The assassination of former Japanese prime minister Shinzo Abe — in whom Taipei found a trusted ally — is undoubtedly a great loss for the nation.
Throughout his political career, Abe had done much to wake the international community to the threat of a Chinese invasion of Taiwan, which he worked ceaselessly to prevent.
“A Taiwan emergency is a Japanese emergency, and therefore an emergency for the Japan-US alliance,” Abe told an online forum held by the Taipei-based Institute for National Policy Research in December last year.
Photo: Reuters
In an opinion piece published by Project Syndicate in April, Abe called on the US to end its long-standing policy of “strategic ambiguity” over Taiwan, saying it fosters “instability in the Indo-Pacific region, by encouraging China to underestimate US resolve, while making the government in Taipei unnecessarily anxious.”
Abe had long recognized that China’s hegemonic rise posed a threat to security in the Asia-Pacific region.
As early as 2007, while serving his first term as prime minister, Abe touted the idea that the Indian and Pacific oceans form a single geostrategic unit. This concept would give rise to the Free and Open Indo-Pacific strategy, which Abe unveiled as the guiding principle of his foreign policy in 2016.
Photo: Screen grab from Shinzo Abe’s Facebook page
That framework has since been adopted in various capacities by the governments of Australia, India, the US and others in the region.
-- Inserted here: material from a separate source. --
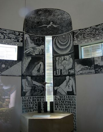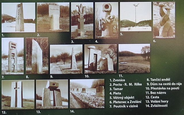 Kvůli nabitému programu jsme se nemohli vydat do Černčic, abychom na vlastní oči spatřili ostatní sochy, museli jsme se spokojit s jejich obrázky na infotabuli; tady jsou:
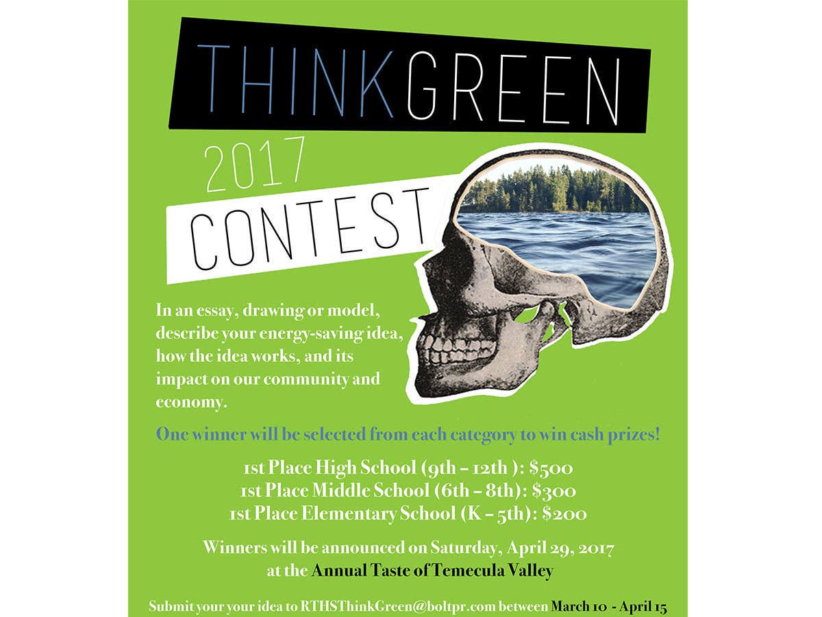 From RighTime Home Services: RighTime® Home Services, a residential heating, air conditioning and plumbing company in Riverside, has partnered with the Temecula Education Foundation (TEF) for the fifth annual “Think Green” Contest.” The Think Green Contest invites students in the Temecula Valley Unified School District to “think green” and submit an idea in the form of a written essay, drawing, model or video on how to conserve energy in their community. RighTime will be accepting entries between March 10 and April 15, 2017 for a chance to win cash prizes. Winners will be announced at the 7th Annual Taste of Temecula Valley on April 29, 2017.

Abe had also perceived weakness in Japan’s national defense. Japan’s constitution limits exercising the right of collective self-defense to a narrow set of circumstances that could impede the ability of the US-Japan alliance to respond to crises in the region.
Abe sought to authorize the use of the Japan Self-Defense Forces in foreign conflicts by launching initiatives to reinterpret Article 9 of the constitution and pass Japan’s Legislation for Peace and Security.
The efforts were met with a storm of criticism from pacifists in Japan, who accused Abe of seeking to revive militarism and military conscription. The controversy culminated in calls for his resignation and protesters reportedly placed figurines of the prime minister on roads to be crushed by vehicles.
Shifts in power in the region would prove him right. China’s constant parade of warships and military aircraft have stoked regional tensions and laid bare the depth of Beijing’s ambitions to Taiwan and Japan.
In retrospect, Abe’s persistence — which gave Japan the much-needed legal authority to respond to military conflict in the Taiwan Strait — showed audacity and vision rarely seen in Japanese politicians today.
Abe stepped down as prime minister in 2020, citing a recurrence of ulcerative colitis, a condition he had said contributed to him stepping down in 2007 after just one year in office during his first term.
Just one year after retirement, he continued his high-level political engagement, taking over the leadership of the Liberal Democratic Party’s biggest faction, Seiwa Seisaku Kenkyukai.
Abe also gave numerous speeches at public forums and campaign events that addressed Japan’s security environment, the need to bolster national defense and amending the constitution.
Abe’s remarks over the past two years — especially the widely reported Taiwan emergency speech — likely played a key role in reshaping public opinion in Japan. More than 90 percent of Japanese now believe their country should plan for a “Taiwan emergency,” a Nikkei poll released last month showed.
To Taiwan, Abe had been a tested friend, a powerful intercessor and perhaps most importantly, the statesman who all but brought the country into the fold of the US-Japan mutual cooperation and security framework.